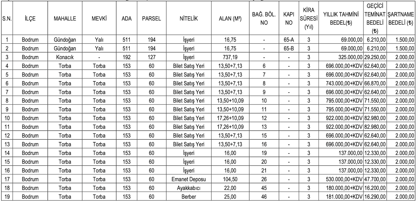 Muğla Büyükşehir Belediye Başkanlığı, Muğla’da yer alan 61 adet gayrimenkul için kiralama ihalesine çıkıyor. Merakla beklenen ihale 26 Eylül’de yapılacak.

┄┄┄┄┄┄┄┄┄┄

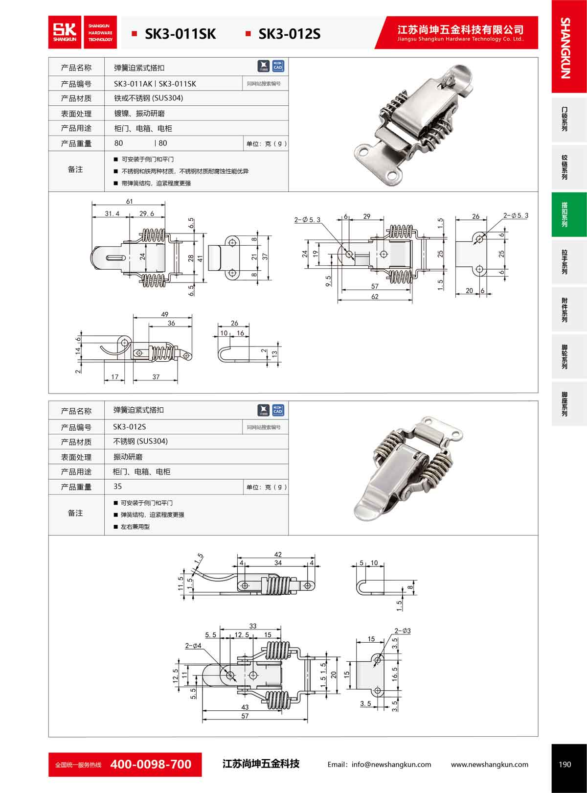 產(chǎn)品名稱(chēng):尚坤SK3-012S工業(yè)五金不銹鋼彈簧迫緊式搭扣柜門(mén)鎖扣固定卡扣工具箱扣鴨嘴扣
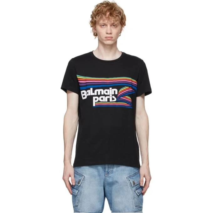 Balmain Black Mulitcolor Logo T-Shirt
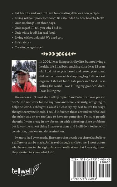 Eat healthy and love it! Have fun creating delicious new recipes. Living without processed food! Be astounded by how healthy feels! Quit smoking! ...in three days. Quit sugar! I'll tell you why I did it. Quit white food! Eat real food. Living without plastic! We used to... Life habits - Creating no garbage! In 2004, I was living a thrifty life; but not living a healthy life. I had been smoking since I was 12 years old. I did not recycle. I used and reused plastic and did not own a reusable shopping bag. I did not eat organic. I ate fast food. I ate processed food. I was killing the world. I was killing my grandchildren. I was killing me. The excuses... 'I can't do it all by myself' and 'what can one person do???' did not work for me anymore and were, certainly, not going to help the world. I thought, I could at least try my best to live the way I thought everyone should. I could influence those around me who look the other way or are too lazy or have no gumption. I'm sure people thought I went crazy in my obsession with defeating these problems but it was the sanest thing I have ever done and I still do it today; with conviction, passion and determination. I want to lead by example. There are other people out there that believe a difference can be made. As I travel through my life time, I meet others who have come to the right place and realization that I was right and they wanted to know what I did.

┄┄┄┄┄┄┄┄┄┄

◆ **What needs to be done**
Lines from the one above containing "產(chǎn)品名稱(chē" down to the one containing "Balmain Black Mulitcolor Logo T-Shirt" should be transcribed exactly, with both ends kept and no pictures.

◆ **Exercise answer**
 產(chǎn)品名稱(chēng):尚坤SK3-012S工業(yè)五金不銹鋼彈簧迫緊式搭扣柜門(mén)鎖扣固定卡扣工具箱扣鴨嘴扣
 Balmain Black Mulitcolor Logo T-Shirt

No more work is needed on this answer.